Python Integration: But switching between Python and bash scripts breaks your workflow. Azpype solves this by wrapping AzCopy in a native Python interface. Now you can:
- Write pure Python scripts with data processing before and after transfers
- Capture and parse output programmatically
- Handle errors with try/except blocks
- Integrate with your existing Python data pipeline
Additional Benefits:
- Zero-configuration setup - Bundles the right AzCopy binary for your platform
- Smart defaults - YAML config for common settings, override with kwargs when needed
- Rich logging - Structured logs with loguru, daily rotation, and visual command output
- Built-in validation - Checks auth, network, and paths before executing
- Job management - List, resume, and recover failed transfers programmatically
Installation
pip install azpype
That's it.

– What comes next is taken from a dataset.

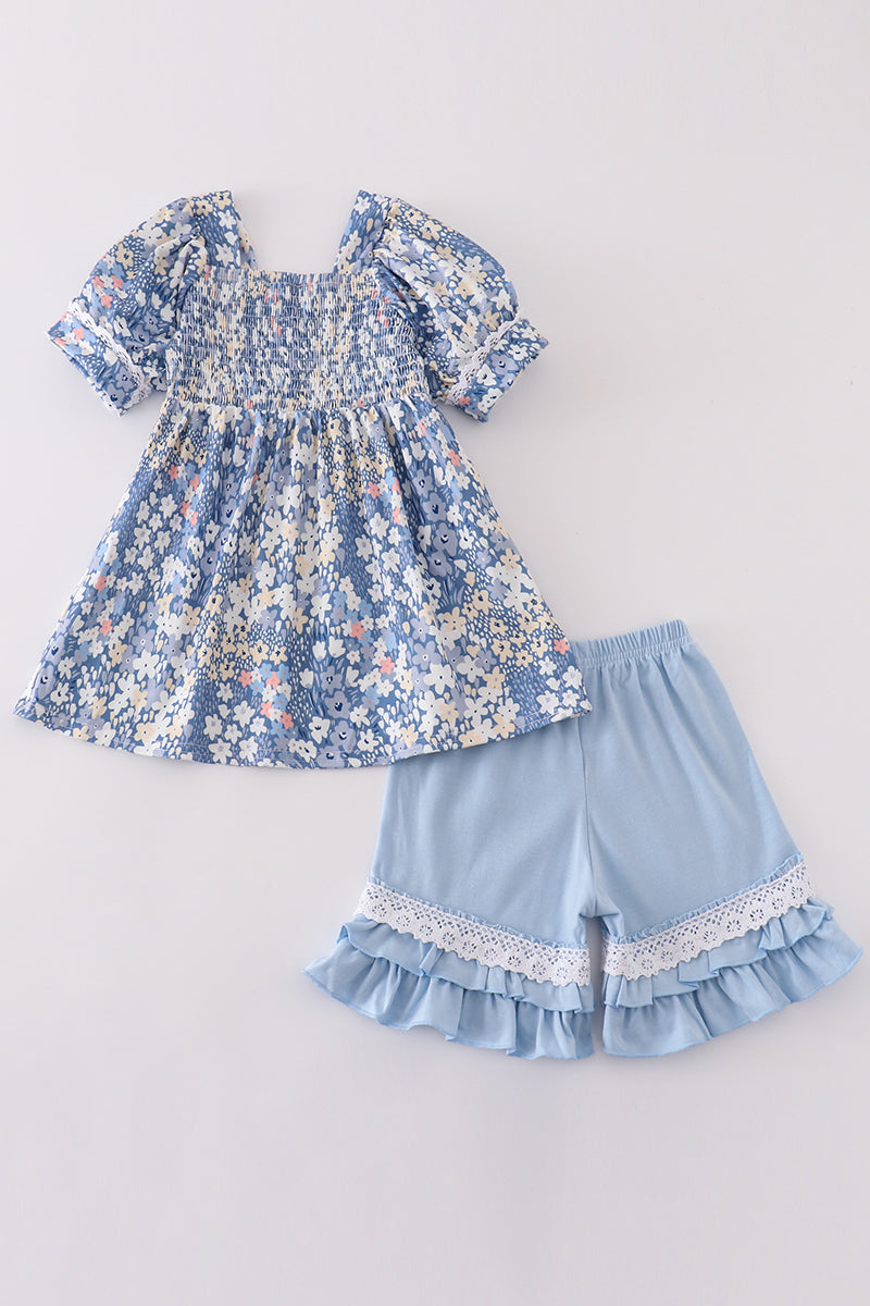 Oh so fancy, yet oh so fun! This blue delicate floral smocked girl set will have your little one feeling like a fashionista. Featuring intricate smocking and delicate floral print, this set is perfect for any special occasion. Comfort and style for your little fashionista!

Azpype automatically:
- Downloads the appropriate AzCopy binary (v10.18.1) for your platform
- Creates a config directory at
~/.azpype/ - Sets up a default configuration file
Quick Start
Basic Copy Operation
from azpype.commands.copy import Copy
# Upload a local directory to Azure Blob Storage
Copy(
source="./data",
destination="https://myaccount.blob.core.windows.net/mycontainer/"
).execute()
# Download from Azure to local
Copy(
source="https://myaccount.blob.core.windows.net/mycontainer/data/",
destination="./downloads"
).execute()
Working with Return Values
The execute() method returns a tuple of (exit_code, output):
# Capture and inspect the results
exit_code, output = Copy(
source="./data",
destination="https://myaccount.blob.core.windows.net/mycontainer/"
).execute()
if exit_code == 0:
print("Transfer successful!")
# Parse the output for job details
if "Job" in output:
job_id = output.split("Job ")[1].split(" ")[0]
print(f"Job ID: {job_id}")
else:
print(f"Transfer failed with code: {exit_code}")
# Use in your data pipeline
def process_and_upload(data_path):
# Pre-process data
prepare_data(data_path)
# Upload with error handling
exit_code, output = Copy(
source=data_path,
destination="https://myaccount.blob.core.windows.net/processed/"
).execute()
if exit_code != 0:
raise Exception(f"Upload failed: {output}")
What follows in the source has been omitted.